The wanton brutality of ISIS-witnessed through acts of violence committed against religious minorities and local populations in Iraq and Syria as well as Foley’s murder-is in direct contravention to Islamic principles and the Geneva Conventions, which mandate the protection of all civilians and prisoners of war. These inhumane acts by ISIS are a clear indication that the terrorist group is morally bankrupt and that their tactics undermine fundamental Islamic legal and ethical pronouncements on the sanctity of human life and protection of non-combatants.
CSID believes that failed policies in supporting the democratic aspirations of the Syrian people in the face of brutal dictatorship contributed to the rise and expansion of extremist groups such as “the Islamic State.” The ISIS phenomenon has been the most prominent manifestation of the increase in instability and upsurge in violence across the Middle East and North Africa in recent months, jeopardizing civilian populations. This upsurge includes Libya, where conflict between rival militias and reported bombing from Middle Eastern countries threatens to completely derail the post-Qadhafi transition, and Egypt, where acquiescence with the military coup, the toppling of a democratically-elected president, and the crushing of legitimate voices of dissent created the conditions for the largest single act of state violence in the country’s modern history – over one thousand people killed in one day – and the arrest of over 40,000 political prisoners, as meticulously documented by Human Rights Watch and other international NGOs.
In all of these cases, one of the most important contributing factors to the violence has been the inability or unwillingness of key actors inside and outside the region to support inclusive and accountable government. This includes the governments of the Middle East and North Africa region – some of which provide political and financial support to non-democratic governments and militant groups as a means of advancing their own agendas – but also key members of the international community including the United States, Russia, and Europe.
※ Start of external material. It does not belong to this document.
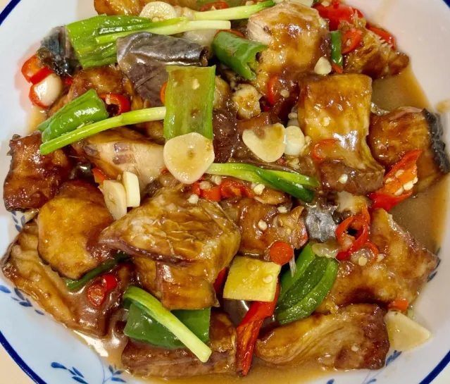 【赣南小炒鱼】这菜讲究个“鲜嫩”。草鱼切块,不过油,直接用红薯粉抓匀。锅里下猪油,姜蒜爆香,鱼块滑进去,倒点米酒和醋。火要大,手要快,带着锅气出锅。酸辣鲜香,鱼肉滑得挂不住筷子,一口下去,那个嫩劲儿,绝了。

To counter these negative trends, CSID calls for strong support for democratic consensus-building and reconciliation, respect for human rights and international law, and proactive protection of civilians as the best antidotes to combat the rise of extremism in all national and regional contexts. CSID calls on all nations to support democratic transitions and greater respect for human rights, by all civilian and military authorities, and all armed groups. It is particularly critical to support more robustly the democratic transition underway in Tunisia and the faltering one in Libya. The signals must be clear; only inclusive democracy coupled with full respect for human rights offers a path forward. Democratization should not be sacrificed in the name of stability, of economic development or of defending the rights of any particular group at the expense of another.